• About this task: Could you repeat, word for word, only the lines from the one containing "季節に応じて、夏は1日2回、" through the final line of the records below?

• Data shown:
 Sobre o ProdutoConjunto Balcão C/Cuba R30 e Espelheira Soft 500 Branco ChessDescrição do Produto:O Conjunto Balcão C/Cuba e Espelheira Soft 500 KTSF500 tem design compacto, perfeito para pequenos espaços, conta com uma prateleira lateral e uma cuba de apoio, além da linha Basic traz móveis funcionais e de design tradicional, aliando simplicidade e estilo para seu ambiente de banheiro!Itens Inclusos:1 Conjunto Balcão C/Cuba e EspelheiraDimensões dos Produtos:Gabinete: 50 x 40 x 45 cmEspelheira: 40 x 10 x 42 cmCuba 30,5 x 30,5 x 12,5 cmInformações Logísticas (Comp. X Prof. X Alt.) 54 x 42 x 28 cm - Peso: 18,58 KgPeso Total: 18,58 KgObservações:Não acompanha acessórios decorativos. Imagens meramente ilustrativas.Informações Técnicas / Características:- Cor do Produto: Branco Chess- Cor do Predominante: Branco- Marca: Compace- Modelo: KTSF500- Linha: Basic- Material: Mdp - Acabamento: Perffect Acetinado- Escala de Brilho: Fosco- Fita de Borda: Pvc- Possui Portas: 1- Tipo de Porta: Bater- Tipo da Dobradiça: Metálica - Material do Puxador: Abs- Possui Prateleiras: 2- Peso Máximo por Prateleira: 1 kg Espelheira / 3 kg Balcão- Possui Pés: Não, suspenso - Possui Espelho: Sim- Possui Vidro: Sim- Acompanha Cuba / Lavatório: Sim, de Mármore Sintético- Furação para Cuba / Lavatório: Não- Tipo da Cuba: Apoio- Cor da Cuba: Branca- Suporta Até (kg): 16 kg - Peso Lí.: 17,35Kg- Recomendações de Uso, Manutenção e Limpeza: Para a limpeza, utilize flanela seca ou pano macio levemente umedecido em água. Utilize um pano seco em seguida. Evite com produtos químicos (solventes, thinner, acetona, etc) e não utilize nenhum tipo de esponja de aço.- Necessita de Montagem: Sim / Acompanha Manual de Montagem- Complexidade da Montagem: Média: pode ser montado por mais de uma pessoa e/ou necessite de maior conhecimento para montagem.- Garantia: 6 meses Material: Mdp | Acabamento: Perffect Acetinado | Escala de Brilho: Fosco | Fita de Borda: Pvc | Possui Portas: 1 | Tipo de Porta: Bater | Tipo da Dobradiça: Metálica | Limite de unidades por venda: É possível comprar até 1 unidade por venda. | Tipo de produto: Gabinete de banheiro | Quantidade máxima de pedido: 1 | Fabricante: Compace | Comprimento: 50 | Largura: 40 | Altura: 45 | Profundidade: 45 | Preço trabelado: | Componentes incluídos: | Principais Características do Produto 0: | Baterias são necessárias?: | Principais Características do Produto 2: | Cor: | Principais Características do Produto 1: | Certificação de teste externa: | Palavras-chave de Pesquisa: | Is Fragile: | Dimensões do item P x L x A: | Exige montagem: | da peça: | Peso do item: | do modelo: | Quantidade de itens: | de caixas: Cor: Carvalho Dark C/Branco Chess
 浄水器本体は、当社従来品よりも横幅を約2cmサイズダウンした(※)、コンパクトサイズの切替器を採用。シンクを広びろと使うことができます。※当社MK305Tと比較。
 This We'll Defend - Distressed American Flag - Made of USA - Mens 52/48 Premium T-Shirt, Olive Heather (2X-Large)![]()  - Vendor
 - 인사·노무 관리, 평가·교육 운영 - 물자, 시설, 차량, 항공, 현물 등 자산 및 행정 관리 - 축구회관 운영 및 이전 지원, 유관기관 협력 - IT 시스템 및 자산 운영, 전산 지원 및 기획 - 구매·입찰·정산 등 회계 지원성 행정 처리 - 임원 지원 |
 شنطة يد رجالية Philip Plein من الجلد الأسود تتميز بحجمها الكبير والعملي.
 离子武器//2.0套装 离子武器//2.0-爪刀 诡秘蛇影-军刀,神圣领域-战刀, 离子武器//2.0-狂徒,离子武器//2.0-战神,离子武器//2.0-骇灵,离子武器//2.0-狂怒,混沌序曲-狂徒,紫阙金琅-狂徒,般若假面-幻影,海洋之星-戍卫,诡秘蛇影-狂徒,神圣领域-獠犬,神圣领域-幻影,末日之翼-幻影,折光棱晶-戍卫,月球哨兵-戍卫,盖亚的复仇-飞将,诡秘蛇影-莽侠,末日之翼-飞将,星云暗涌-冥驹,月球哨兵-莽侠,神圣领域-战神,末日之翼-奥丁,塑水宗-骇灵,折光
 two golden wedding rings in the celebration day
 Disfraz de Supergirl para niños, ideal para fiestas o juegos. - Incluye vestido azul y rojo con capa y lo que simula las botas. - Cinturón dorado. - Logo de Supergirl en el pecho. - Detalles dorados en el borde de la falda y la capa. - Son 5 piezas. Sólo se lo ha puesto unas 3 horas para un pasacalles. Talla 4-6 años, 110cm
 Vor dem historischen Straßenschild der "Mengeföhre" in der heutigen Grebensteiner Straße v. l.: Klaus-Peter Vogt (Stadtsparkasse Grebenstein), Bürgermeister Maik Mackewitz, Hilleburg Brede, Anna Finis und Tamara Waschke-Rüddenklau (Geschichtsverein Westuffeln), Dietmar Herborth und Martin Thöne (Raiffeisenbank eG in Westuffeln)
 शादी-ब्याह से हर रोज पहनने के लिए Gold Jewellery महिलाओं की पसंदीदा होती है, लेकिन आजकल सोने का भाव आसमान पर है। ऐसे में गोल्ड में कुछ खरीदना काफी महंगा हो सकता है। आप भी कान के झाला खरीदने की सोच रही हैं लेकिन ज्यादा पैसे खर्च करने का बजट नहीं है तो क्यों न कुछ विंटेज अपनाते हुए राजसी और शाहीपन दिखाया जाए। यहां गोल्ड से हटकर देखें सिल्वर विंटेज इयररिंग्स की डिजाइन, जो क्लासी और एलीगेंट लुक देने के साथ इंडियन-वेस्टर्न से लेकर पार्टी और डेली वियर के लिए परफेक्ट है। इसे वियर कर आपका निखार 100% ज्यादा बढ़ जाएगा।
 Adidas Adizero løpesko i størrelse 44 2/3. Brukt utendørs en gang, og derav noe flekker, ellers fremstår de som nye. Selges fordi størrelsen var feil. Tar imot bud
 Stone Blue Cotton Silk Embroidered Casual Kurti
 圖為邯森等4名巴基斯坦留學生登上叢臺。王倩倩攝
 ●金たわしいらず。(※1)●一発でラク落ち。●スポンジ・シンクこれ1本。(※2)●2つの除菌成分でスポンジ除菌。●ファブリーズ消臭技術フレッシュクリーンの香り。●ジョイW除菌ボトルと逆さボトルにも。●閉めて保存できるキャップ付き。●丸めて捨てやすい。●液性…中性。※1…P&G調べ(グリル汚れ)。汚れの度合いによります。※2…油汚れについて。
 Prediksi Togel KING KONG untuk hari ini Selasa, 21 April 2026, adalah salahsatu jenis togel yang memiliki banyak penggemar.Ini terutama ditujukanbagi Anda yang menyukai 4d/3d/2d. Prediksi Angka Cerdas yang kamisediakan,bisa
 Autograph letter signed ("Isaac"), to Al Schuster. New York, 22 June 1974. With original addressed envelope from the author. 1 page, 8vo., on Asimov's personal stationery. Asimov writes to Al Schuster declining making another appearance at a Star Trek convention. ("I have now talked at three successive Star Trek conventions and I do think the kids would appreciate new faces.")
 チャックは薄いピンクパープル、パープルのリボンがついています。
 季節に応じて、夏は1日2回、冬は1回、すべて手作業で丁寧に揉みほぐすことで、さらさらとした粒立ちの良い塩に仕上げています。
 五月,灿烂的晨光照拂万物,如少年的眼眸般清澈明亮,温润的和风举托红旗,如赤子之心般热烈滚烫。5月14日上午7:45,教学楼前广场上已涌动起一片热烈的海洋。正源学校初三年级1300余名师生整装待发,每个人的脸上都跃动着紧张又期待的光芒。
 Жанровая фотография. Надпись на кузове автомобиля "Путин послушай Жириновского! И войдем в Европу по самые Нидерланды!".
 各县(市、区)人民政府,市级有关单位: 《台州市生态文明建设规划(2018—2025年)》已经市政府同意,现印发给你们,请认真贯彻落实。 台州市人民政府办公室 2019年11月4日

• Response area:
 季節に応じて、夏は1日2回、冬は1回、すべて手作業で丁寧に揉みほぐすことで、さらさらとした粒立ちの良い塩に仕上げています。
 五月,灿烂的晨光照拂万物,如少年的眼眸般清澈明亮,温润的和风举托红旗,如赤子之心般热烈滚烫。5月14日上午7:45,教学楼前广场上已涌动起一片热烈的海洋。正源学校初三年级1300余名师生整装待发,每个人的脸上都跃动着紧张又期待的光芒。
 Жанровая фотография. Надпись на кузове автомобиля "Путин послушай Жириновского! И войдем в Европу по самые Нидерланды!".
 各县(市、区)人民政府,市级有关单位: 《台州市生态文明建设规划(2018—2025年)》已经市政府同意,现印发给你们,请认真贯彻落实。 台州市人民政府办公室 2019年11月4日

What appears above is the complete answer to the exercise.